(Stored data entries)
--- START ---

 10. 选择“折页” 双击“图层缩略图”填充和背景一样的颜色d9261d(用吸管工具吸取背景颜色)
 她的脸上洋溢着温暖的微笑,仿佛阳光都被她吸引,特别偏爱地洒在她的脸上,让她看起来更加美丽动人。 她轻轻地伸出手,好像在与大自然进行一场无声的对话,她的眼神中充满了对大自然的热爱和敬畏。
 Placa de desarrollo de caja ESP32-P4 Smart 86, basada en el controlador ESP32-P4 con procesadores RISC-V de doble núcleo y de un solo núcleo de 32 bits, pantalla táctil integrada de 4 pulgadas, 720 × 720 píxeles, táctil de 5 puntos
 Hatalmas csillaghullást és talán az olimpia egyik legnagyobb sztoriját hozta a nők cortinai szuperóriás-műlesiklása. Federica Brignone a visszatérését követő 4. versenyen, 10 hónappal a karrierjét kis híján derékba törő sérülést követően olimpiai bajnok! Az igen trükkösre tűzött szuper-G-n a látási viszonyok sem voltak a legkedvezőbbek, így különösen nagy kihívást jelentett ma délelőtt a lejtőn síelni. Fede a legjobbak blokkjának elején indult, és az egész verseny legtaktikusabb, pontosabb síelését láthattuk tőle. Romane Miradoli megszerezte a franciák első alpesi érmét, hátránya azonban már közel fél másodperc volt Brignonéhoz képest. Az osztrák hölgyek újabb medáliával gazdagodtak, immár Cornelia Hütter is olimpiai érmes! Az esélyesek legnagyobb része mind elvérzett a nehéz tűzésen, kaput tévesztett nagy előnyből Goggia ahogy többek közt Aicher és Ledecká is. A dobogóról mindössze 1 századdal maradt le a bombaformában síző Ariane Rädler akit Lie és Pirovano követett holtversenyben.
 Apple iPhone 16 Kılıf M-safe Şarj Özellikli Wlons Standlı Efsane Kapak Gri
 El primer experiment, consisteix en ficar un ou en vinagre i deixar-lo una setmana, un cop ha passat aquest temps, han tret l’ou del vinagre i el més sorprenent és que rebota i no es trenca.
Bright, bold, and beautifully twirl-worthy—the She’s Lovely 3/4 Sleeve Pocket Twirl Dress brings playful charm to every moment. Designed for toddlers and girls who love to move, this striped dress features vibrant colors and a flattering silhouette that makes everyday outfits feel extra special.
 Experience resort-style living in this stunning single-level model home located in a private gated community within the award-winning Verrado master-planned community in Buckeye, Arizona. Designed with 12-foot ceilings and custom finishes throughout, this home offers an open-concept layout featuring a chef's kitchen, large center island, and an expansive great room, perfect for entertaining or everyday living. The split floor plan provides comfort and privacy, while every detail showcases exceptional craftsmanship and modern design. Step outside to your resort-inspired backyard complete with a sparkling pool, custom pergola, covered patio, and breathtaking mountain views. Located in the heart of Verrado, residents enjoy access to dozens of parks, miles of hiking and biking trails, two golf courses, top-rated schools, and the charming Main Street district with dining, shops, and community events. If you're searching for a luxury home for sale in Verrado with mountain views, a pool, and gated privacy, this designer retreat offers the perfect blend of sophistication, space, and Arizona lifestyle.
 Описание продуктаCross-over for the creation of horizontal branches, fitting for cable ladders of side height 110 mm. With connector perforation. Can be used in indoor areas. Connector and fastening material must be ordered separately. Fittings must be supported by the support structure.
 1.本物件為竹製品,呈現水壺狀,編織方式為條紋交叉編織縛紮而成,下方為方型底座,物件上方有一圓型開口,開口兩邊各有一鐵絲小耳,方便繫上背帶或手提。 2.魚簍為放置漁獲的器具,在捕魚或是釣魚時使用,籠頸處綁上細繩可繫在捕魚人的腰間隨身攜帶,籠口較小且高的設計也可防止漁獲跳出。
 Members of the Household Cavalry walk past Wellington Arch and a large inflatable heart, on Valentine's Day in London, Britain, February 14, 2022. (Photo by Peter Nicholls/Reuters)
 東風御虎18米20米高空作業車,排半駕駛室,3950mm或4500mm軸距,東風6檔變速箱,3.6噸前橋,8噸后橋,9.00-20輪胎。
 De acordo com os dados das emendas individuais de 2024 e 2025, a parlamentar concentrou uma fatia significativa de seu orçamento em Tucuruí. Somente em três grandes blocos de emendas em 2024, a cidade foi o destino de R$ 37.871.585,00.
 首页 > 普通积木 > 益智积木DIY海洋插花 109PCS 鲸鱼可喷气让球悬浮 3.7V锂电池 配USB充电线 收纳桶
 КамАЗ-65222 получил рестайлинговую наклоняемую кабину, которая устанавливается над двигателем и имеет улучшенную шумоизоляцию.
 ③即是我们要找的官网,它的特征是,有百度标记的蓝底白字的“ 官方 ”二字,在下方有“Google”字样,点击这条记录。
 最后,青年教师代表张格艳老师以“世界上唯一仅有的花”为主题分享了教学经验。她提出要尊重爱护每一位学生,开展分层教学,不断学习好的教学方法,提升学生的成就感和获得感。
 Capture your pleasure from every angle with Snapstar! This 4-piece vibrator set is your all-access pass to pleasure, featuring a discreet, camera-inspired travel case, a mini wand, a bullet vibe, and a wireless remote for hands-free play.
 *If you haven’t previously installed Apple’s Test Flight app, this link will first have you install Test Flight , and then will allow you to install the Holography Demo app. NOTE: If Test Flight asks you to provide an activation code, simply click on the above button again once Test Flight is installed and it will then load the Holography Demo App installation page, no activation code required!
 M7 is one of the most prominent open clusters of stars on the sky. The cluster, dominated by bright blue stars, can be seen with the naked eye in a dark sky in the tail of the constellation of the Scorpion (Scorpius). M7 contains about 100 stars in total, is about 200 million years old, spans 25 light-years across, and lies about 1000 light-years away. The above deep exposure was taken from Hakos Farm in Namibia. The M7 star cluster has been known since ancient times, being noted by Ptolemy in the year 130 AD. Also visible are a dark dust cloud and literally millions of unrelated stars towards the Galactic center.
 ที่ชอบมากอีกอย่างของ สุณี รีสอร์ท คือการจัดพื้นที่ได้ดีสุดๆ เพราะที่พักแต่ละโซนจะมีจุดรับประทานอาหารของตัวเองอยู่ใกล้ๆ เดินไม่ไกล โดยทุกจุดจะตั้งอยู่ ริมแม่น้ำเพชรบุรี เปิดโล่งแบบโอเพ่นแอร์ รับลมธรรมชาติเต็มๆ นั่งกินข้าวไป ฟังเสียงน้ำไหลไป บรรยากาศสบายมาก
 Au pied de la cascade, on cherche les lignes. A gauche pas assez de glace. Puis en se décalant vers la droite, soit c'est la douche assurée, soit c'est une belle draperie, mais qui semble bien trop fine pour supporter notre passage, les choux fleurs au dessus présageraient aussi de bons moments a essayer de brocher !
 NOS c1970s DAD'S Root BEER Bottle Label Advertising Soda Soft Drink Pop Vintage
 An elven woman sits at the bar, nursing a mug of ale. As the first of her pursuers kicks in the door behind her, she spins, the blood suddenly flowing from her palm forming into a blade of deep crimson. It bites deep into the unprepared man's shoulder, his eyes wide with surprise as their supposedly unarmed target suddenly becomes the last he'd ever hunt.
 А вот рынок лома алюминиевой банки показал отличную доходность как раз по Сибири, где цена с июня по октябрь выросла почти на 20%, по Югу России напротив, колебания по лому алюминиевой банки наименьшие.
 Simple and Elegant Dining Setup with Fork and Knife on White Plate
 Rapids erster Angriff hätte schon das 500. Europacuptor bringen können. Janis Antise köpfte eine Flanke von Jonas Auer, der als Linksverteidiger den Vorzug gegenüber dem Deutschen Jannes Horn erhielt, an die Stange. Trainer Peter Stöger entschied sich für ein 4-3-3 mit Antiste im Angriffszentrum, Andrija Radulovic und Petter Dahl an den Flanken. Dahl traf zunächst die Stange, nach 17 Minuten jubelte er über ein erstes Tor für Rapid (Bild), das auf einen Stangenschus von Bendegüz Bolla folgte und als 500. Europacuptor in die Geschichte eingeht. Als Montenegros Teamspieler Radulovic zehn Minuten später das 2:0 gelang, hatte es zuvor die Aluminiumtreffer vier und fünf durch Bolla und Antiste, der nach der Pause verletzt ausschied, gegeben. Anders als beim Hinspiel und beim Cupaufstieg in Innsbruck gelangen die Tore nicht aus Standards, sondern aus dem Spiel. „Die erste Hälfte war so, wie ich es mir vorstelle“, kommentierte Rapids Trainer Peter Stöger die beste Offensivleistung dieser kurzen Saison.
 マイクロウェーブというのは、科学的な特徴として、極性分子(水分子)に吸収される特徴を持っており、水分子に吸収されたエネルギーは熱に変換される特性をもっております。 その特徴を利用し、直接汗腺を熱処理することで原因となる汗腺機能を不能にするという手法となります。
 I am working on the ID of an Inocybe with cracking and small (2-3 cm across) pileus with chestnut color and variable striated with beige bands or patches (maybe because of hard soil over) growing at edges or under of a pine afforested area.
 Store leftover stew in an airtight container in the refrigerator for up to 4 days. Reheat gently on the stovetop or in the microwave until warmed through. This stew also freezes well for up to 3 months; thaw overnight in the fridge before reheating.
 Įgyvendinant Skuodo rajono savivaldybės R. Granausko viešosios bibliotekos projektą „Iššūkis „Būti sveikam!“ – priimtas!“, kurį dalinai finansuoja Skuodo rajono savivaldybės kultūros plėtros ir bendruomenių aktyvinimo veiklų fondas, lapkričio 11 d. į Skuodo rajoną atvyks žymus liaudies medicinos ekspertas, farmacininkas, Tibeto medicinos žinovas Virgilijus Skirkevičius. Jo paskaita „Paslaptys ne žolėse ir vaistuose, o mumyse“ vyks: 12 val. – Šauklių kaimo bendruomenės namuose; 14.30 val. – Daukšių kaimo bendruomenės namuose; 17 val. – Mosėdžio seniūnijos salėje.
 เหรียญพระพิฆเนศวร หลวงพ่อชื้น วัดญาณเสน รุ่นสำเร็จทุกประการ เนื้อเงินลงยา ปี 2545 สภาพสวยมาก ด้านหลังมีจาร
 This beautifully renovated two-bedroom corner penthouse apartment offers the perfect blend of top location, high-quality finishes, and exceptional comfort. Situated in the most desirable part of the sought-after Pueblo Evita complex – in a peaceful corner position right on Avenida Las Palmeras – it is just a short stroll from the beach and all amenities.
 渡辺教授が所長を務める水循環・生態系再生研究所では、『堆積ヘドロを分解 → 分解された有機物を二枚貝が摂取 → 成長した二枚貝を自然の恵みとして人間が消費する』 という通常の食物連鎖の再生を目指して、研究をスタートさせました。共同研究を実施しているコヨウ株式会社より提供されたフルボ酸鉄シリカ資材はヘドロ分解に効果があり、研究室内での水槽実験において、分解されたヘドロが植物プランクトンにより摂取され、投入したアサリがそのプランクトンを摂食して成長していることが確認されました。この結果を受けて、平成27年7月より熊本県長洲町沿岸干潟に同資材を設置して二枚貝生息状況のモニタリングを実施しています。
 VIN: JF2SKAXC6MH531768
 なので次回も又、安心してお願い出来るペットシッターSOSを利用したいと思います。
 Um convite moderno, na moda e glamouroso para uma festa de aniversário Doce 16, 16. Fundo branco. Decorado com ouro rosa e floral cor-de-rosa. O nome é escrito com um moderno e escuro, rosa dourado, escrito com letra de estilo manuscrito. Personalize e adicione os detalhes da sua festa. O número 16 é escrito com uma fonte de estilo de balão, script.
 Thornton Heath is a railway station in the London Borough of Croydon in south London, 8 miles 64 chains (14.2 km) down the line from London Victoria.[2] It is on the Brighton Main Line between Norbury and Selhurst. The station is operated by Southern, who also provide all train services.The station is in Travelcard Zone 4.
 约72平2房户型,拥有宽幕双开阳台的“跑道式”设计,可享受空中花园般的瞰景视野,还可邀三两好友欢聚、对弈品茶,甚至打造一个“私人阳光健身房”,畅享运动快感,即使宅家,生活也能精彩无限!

--- END ---

• **Exercise directions**
The answer must consist of every line from the data that contains the word "Apple".

• **Task response**
 Apple iPhone 16 Kılıf M-safe Şarj Özellikli Wlons Standlı Efsane Kapak Gri
 *If you haven’t previously installed Apple’s Test Flight app, this link will first have you install Test Flight , and then will allow you to install the Holography Demo app. NOTE: If Test Flight asks you to provide an activation code, simply click on the above button again once Test Flight is installed and it will then load the Holography Demo App installation page, no activation code required!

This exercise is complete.